Maximum yield per hectare

Yield regulation

  • The harvest base yield fixed by the INAO is 10,400 kg/ha, revisable upwards or downwards depending on the quality and quantity of the yield but capped at 15,500 kg/ha for AOC production.
  • The rationale for capping yields lies in the high-density planting system in Champagne, with vines planted very close together (8,000 per hectare) to improve ripening and therefore quality.

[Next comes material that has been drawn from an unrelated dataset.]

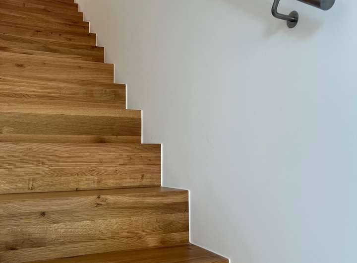 Ankommen Das Wohnhaus wird durch den bepflanzten Vorgarten von der Straße abgesetzt und seitlich über die Grundstückseinfahrt erschlossen. Man gelangt in einen repräsentativen Eingangsbereich. Essen und Wohnen Zoniert durch die zentral liegende Treppe, erstreckt sich das helle Wohnzimmer mit fließendem Übergang in den eigenen Garten. Auf der anderen Seite der Treppe entsteht ein Koch-und Essbereich mit zahlreichen Gestaltungsmöglichkeiten. Schlafen Im ersten Obergeschoss befinden sich drei Schlaf- bzw. Arbeitszimmer sowie ein großes Badezimmer mit Badewanne. Das zweite Geschoss ist als Staffel- geschoss ausgebildet. Hier ist Raum für ein großzügiges Doppelbett, ein luxuriöses Duschbad, eine Ankleide sowie einen kleinen multifunktionalen Vorraum, der für verschiedene Zwecke genutzt werden kann (Homeoffice, Heimtrainer, Leseecke etc.) Souterrain Das Untergeschoss kann optional mit einem weiteren Schlafzimmer und Duschbad ausgestattet werden.

Limited juice extraction – just 102 litres of must per 160 kg of grapes – is a key part of this policy and brings the final yield to 66 hectolitres per hectare.

The full list of dates can be viewed here www.champagne.fr

IT’S HARVEST TIME IN CHAMPAGNE !

The 2011 Champagne harvest has begun and with a combination of early flowering, low rain levels in the spring and plenty of summer sun make it one of the earliest picking seasons since 1822, the Champagne Bureau said Friday.

Three grape varieties, Pinot Noir, Chardonnay and Pinot Meunier, are being harvested across the French region and weather forecasts are favorable for the next few days.

“As we celebrate another successful harvest from this unique region, we are reminded of the importance that location plays in every bottle of wine and renew our call on the United States to join the majority of the rest of the world in reserving the term Champagne only for wines made with grapes from this specific place,” said Sam Heitner, U.S. director of the Champagne Bureau.

“This year, the Comité Interprofessionnel du Vin de Champagne (CIVC), the region’s trade body, has raised the amount of grapes that can be harvested in a given area to 12,500 kilograms per hectare (kg/ha),” says Heitner. “They believe that this will keep Champagne on track to meet the growing demand. This is good news for Champagne enthusiasts everywhere, as more people will be able to enjoy real Champagne, which can only come from Champagne, France.”